*** Block opens ***

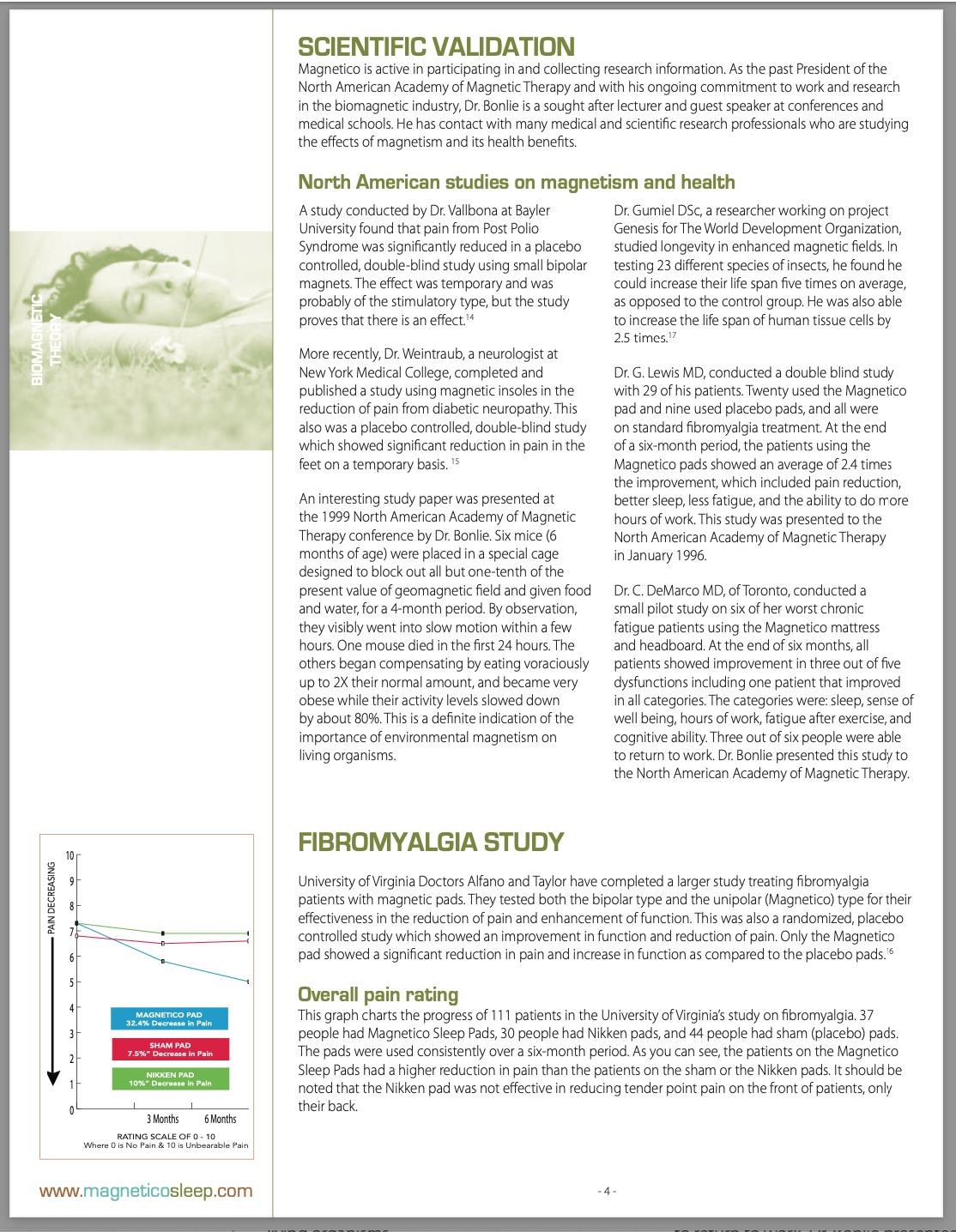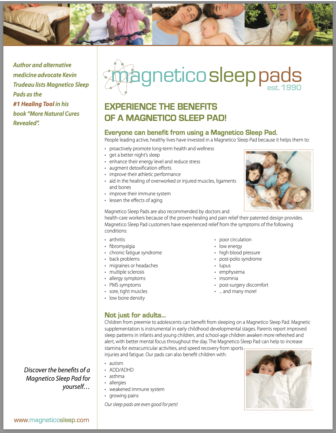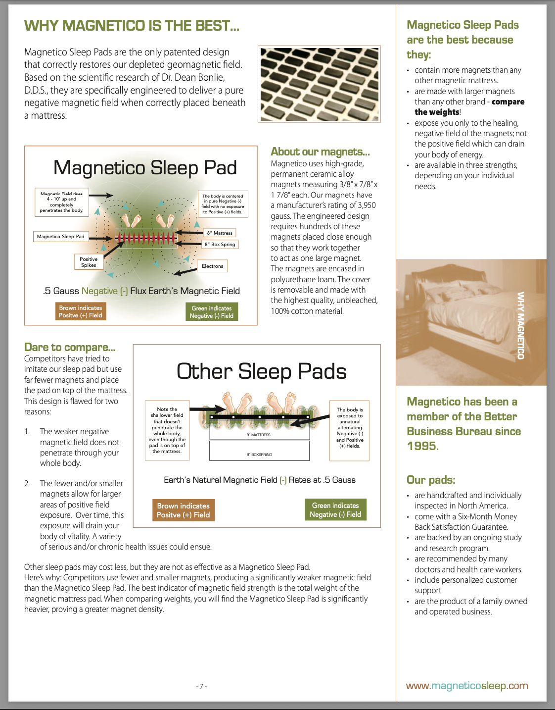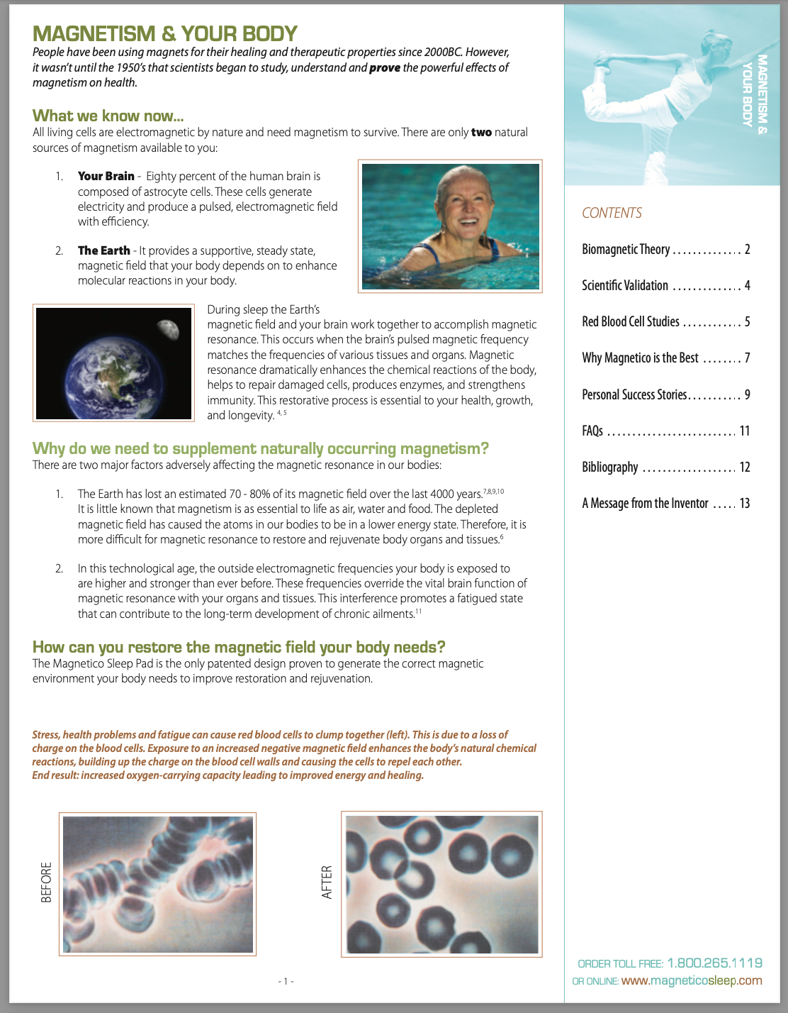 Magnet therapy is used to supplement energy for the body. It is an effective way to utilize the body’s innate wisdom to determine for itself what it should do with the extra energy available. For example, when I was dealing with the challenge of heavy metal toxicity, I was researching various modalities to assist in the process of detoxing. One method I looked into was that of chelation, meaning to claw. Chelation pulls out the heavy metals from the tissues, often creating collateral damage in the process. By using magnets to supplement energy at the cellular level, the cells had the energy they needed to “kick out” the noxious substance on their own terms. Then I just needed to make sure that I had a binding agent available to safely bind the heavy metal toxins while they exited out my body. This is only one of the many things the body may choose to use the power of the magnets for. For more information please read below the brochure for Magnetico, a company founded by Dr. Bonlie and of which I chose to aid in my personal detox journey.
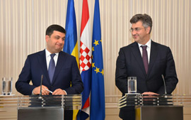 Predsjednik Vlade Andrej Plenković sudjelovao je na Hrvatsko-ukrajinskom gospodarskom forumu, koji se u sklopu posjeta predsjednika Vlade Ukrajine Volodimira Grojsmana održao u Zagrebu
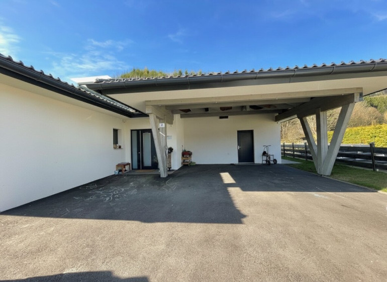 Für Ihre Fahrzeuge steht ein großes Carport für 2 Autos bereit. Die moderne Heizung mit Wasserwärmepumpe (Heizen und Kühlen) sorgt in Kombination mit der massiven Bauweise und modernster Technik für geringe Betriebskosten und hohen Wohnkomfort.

*** Block closes ***
*** Block opens ***

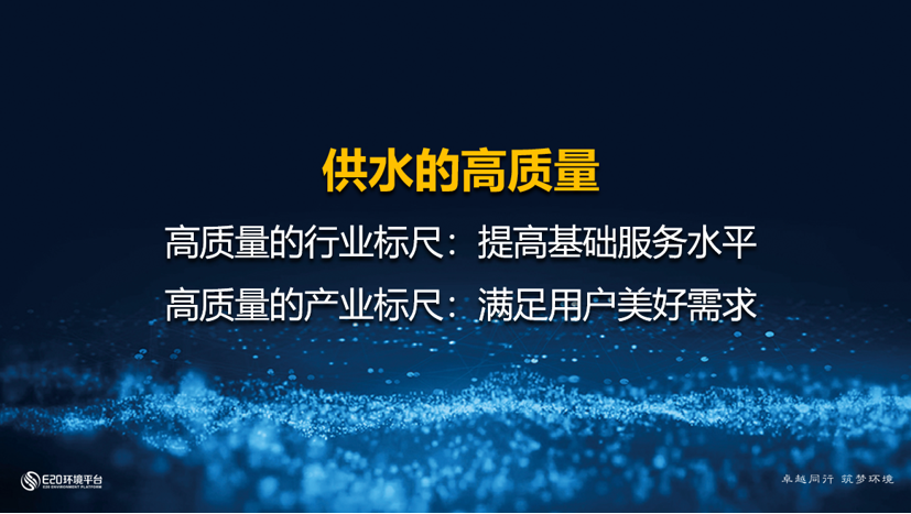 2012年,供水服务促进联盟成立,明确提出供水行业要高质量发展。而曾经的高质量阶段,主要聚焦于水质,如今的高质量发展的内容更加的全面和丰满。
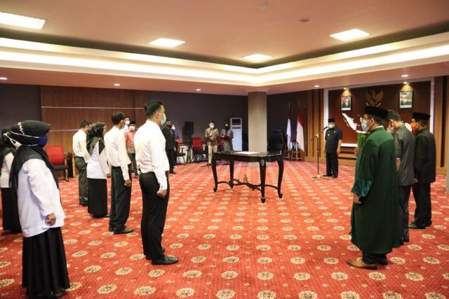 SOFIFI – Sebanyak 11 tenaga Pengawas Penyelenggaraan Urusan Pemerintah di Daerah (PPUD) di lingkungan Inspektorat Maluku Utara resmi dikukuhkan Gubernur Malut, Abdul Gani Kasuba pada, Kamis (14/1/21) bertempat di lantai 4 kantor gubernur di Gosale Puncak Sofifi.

*** Block closes ***
*** Block opens ***

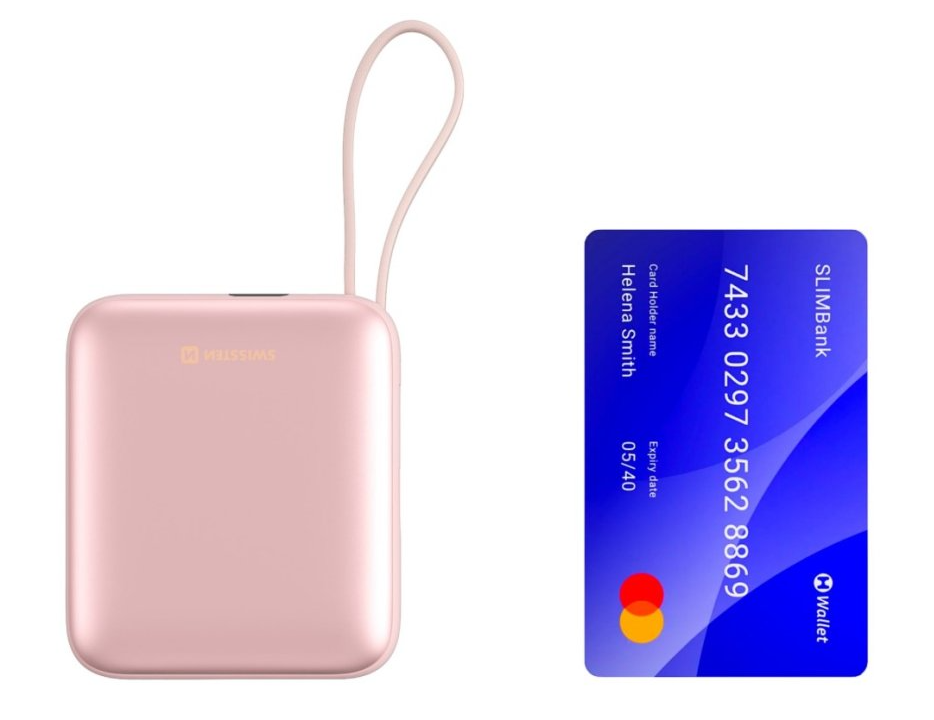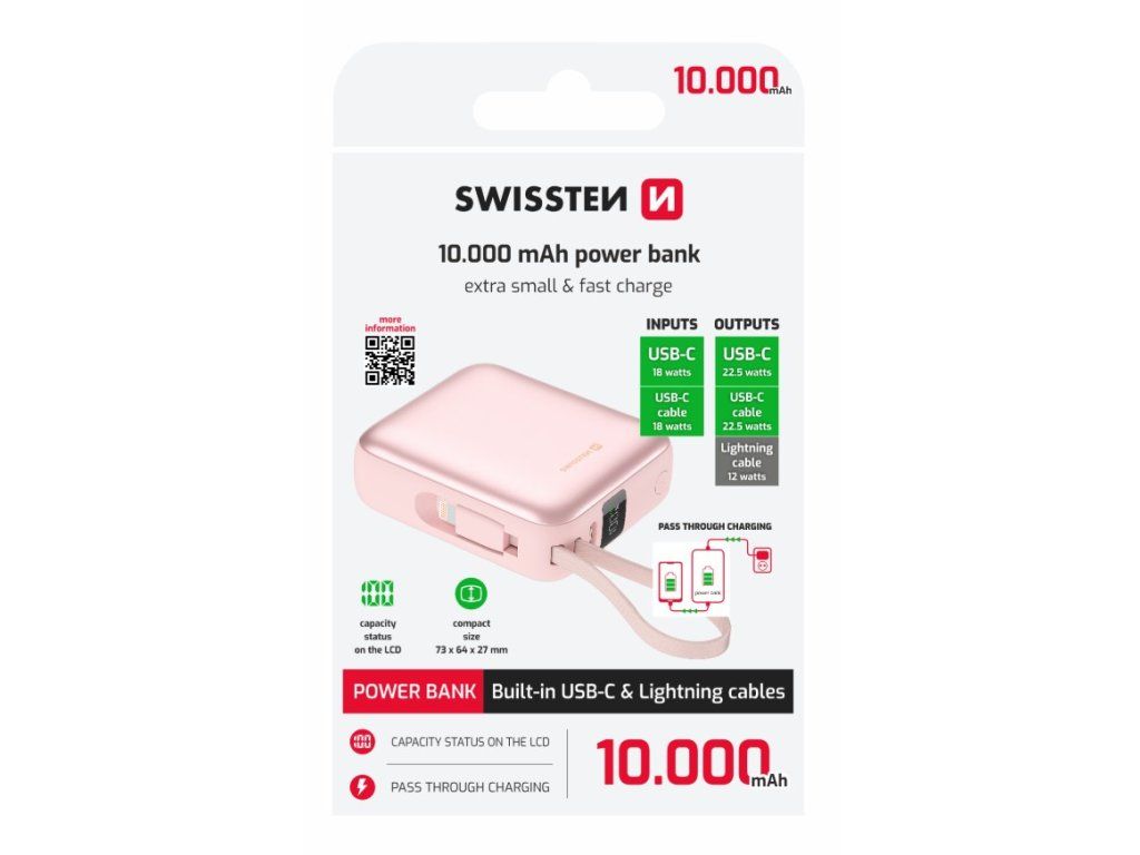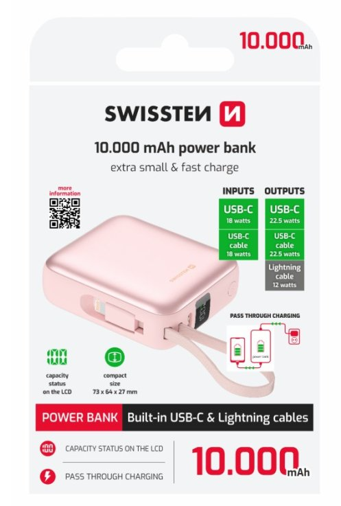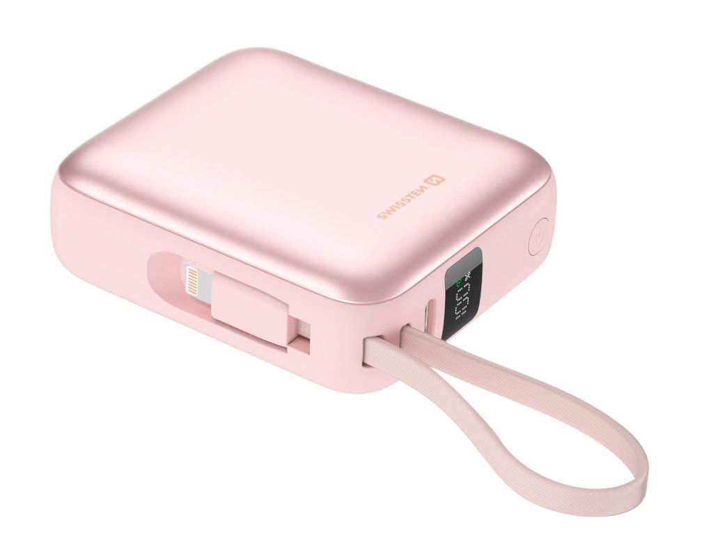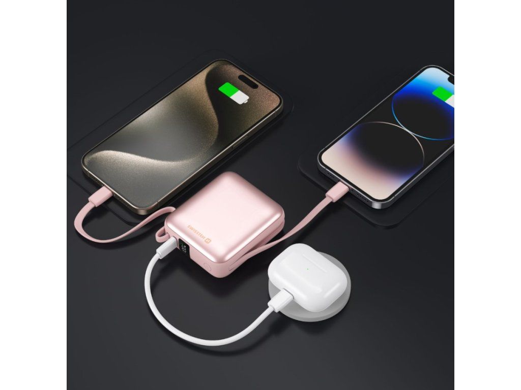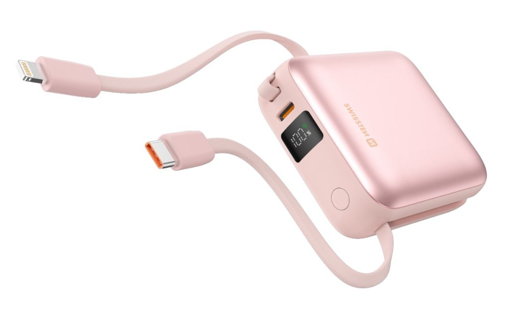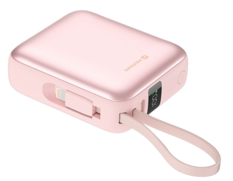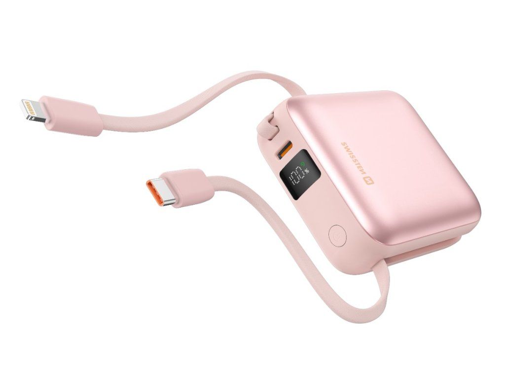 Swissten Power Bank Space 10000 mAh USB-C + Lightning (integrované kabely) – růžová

*** Block closes ***

What is needed
Everything from the line with "Predsjednik Vlade Andrej" down to the line with "Für Ihre Fahrzeuge" in the data above should be copied exactly, with both end lines kept and the pictures left out.

Exercise response
 Predsjednik Vlade Andrej Plenković sudjelovao je na Hrvatsko-ukrajinskom gospodarskom forumu, koji se u sklopu posjeta predsjednika Vlade Ukrajine Volodimira Grojsmana održao u Zagrebu
 Für Ihre Fahrzeuge steht ein großes Carport für 2 Autos bereit. Die moderne Heizung mit Wasserwärmepumpe (Heizen und Kühlen) sorgt in Kombination mit der massiven Bauweise und modernster Technik für geringe Betriebskosten und hohen Wohnkomfort.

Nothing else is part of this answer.